Note: Token 3 is not listed because zip code was not included in the manual review
data; therefore, the fill rate was 0%.
Optimizing Matching using Different Tokens
Using different tokens, either individually or in combination, changes the precision/recall
tradeoff ([Fig. 2 ]).
Fig. 2 Precision and recall of different matching strategies.
Discussion
We found that a token-based matching system based on commonly available PII performed
well. For use cases that require high precision, Token 5 (derived from SSN, gender,
and DOB) had a precision of 99.7% and recall of 87.7%. For high recall, Token 1 (utilizing
last name, first name, gender, and DOB) yielded a recall of 90.3% while maintaining
precision at 97.9%. Combinations of tokens can perform better than individual tokens.
For example, single token match (at least one pair of Tokens 1, 2, 3, 4, 5, or 16
matches) yielded a precision of 97.0% and recall of 95.4%; performance remained high
for pairs that included Hispanic ethnicity.
When missing PII fields are inconsistent across records, a multiple-token strategy
is necessary. Based on matching results for individual tokens, one may also devise
custom strategies, for example, in use cases where SSN is not present, one may rely
on tokens derived from name, gender, and DOB.
Strengths of the study included a large, real-world, manually reviewed dataset based
on 20,000 manually reviewed record pairs (i.e., 40,000 individual records). The manual
review process is described in detail[5 ] but includes multiple independent reviews for questionable cases, possibly decreasing
errors. Previous real-world PPRL evaluations such as[14 ]

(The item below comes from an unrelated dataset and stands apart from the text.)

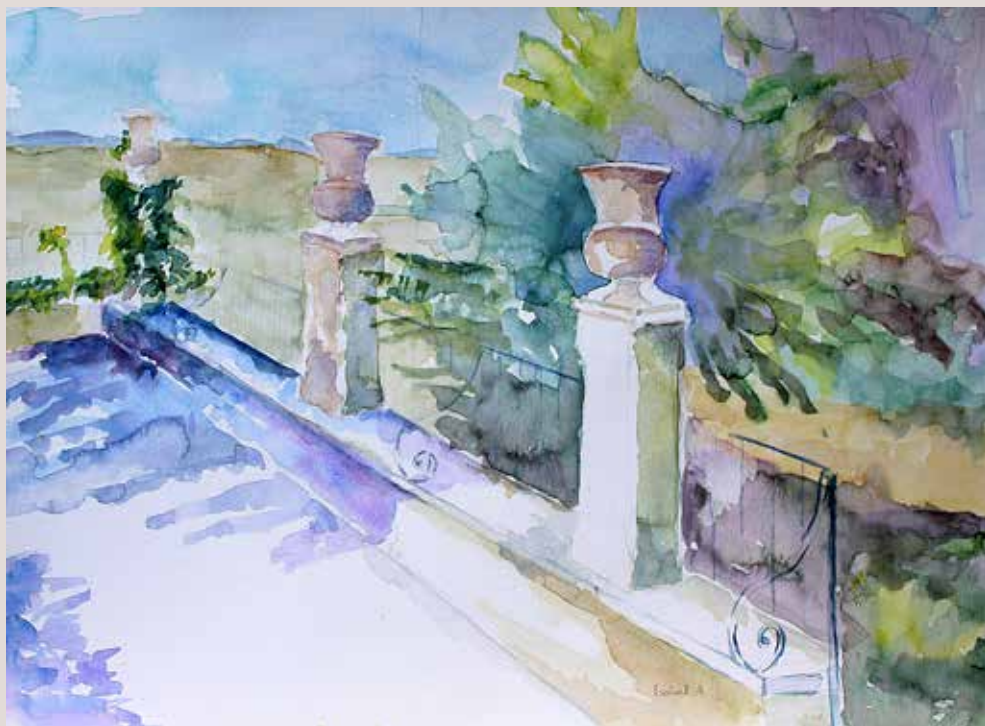
ISABEL ARACIL MERLATEAU. “Jardín de Santos” II. Aquarel·la sobre paper. 40.5 x 30

[15 ] compared PPRL against “gold standard” matching that used unencrypted records (i.e.,
PPRL vs. non-PPRL). In contrast, our gold standard consisted of human-reviewed record
pairs (i.e., absolute performance of PPRL). The large dataset, as well as the relatively
high prevalence of Hispanic ethnicity ([Table 3 ]), allowed us to evaluate the effect of Hispanic ethnicity on match accuracy.
Our work has several limitations. First, our data were selected from a single academic
health system and thus our results may not generalize to other settings. However,
the Houston metropolitan area is arguably the most diverse in the country.[16 ] Second, the manual review was limited by the available data. Thus, some errors may
be undetected. As an example, infant twins are difficult to distinguish because they
share many demographics including DOB, address, phone number, last name, etc., and
may lack distinguishing data such as SSN. Third, we used a blocking strategy to create
the dataset used for evaluation. We did this to ensure that the set contained matching
records. However, it is possible that performance was altered by removing record pairs
that were very unlikely to match. Since blocking eliminated “obvious” mismatches,
including these cases would likely have improved performance. Finally, we did not
exhaustively test all possible identifier combinations and relied upon Datavant software.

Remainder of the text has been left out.